Take it on down to the Daily, and we could see over the past few weeks, we’ve just been kind of bouncing around in this range, going all the way, again, back to September, bouncing around inside this blue box. Multiple times challenging the 0.7700-level. One time we thought we broke out underneath it here. A false breakdown, and then we went right back up. Now here we are again. For the day today and probably I would venture to guess, and you know, this is of course just speculation, that we might even see it hold above the 0.7700-level for the rest of the year.
Now, if it breaks underneath there, we already know that it could go back down, but that is the expectation. We continue to hold here as support around 0.7700, unless we get some major news to knock it out of this range. So, that’s one opportunity, buying into support. Minimal risk underneath – we’ll call it – 0.7675 or so. The bottom of the blue zone. If it breaks there, you don’t want to stay in a buy. That’s one opportunity. I think the better opportunity, and this is of course trading in the direction of the trend, is selling resistance. That would be my preferred opportunity, as we look for it to go back up.
And at this point, that would be the green-shaded area. The green-shaded area right around 0.7780 to 0.7815. That’s the green zone highlighting historical support and resistance. That’s the green trend line coming down from the top. If you’re going to sell this in the direction of the trend, that becomes your opportunity to do so right there into the upper-0.7700s or the 0.7800-level. And clearly of course if it breaks above there, you probably don’t want to stay in it too long because we’re looking for it back up here towards this blue trend line, the top of our trend channel, and into the 0.7900-level.

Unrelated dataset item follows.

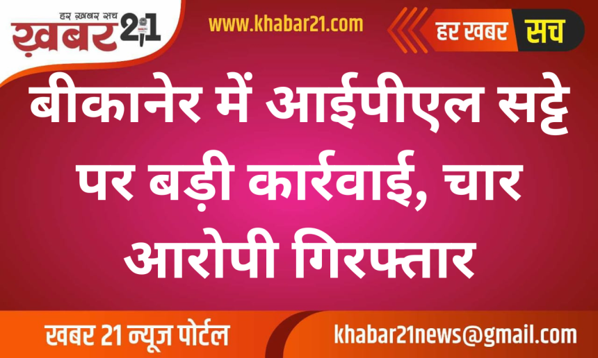 Khabar21 > Blog > बीकानेर > बीकानेर में आईपीएल सट्टे पर बड़ी कार्रवाई, चार आरोपी गिरफ्तार

So, these are your selling opportunities. First off, a break of 0.7700, 0.7675, the blue zone, we look for it to go lower. That’s the break of the blue zone. Support. Other opportunity to sell would be back into 0.7785. 0.7800. The green zone. Green trend line. And lastly, back up here to the yellow zone. The blue trend line. The top of our trend channel. Those are your three selling opportunities in the direction of the trend. Countertrend traders, people looking for it to go back up, likely looking for those opportunities as close as possible to 0.7700. Risk goes underneath. If it breaks underneath, we look for it to go back down.
100-day moving average sits up here at the top of our range. Definitely could provide some resistance if we see a push back up there, but at this point, not really something to watch. The Forex Black Book trend bar is red this week. So, if you’re looking for selling signals with the Forex Black Book, it is red. That is in the direction of the trend. That’s good news. So, how do you trade the Forex Black Book? What you do is you come on down here to the 4-Hour Chart and what you’re looking for are, first off, rallies to resistance and then selling opportunities with a red arrow.
All you have to do is look back at the past couple of weeks. We see a rally to resistance, red arrow, fall. Rally to resistance, red arrow, fall. Rally to resistance, red arrow, fall. Now that the trend bar is red, that gives you higher confidence. So, if we see it challenge the green-shaded area, that’s the Forex Black Book strategy in a nutshell, folks. Bearish trend. Rise to resistance. New red arrow. Sell it. Target the blue zone or lower. That’s the Forex Black Book in a nutshell. So, as it rallies to resistance, back to 0.7780, 0.7790, into the green zone, we’ll sell it. We’ll look for a new red arrow to confirm direction and momentum. We target the blue zone or lower on the way down in the direction of the trend. The risk is placed just above 0.7815 for the NZDUSD today.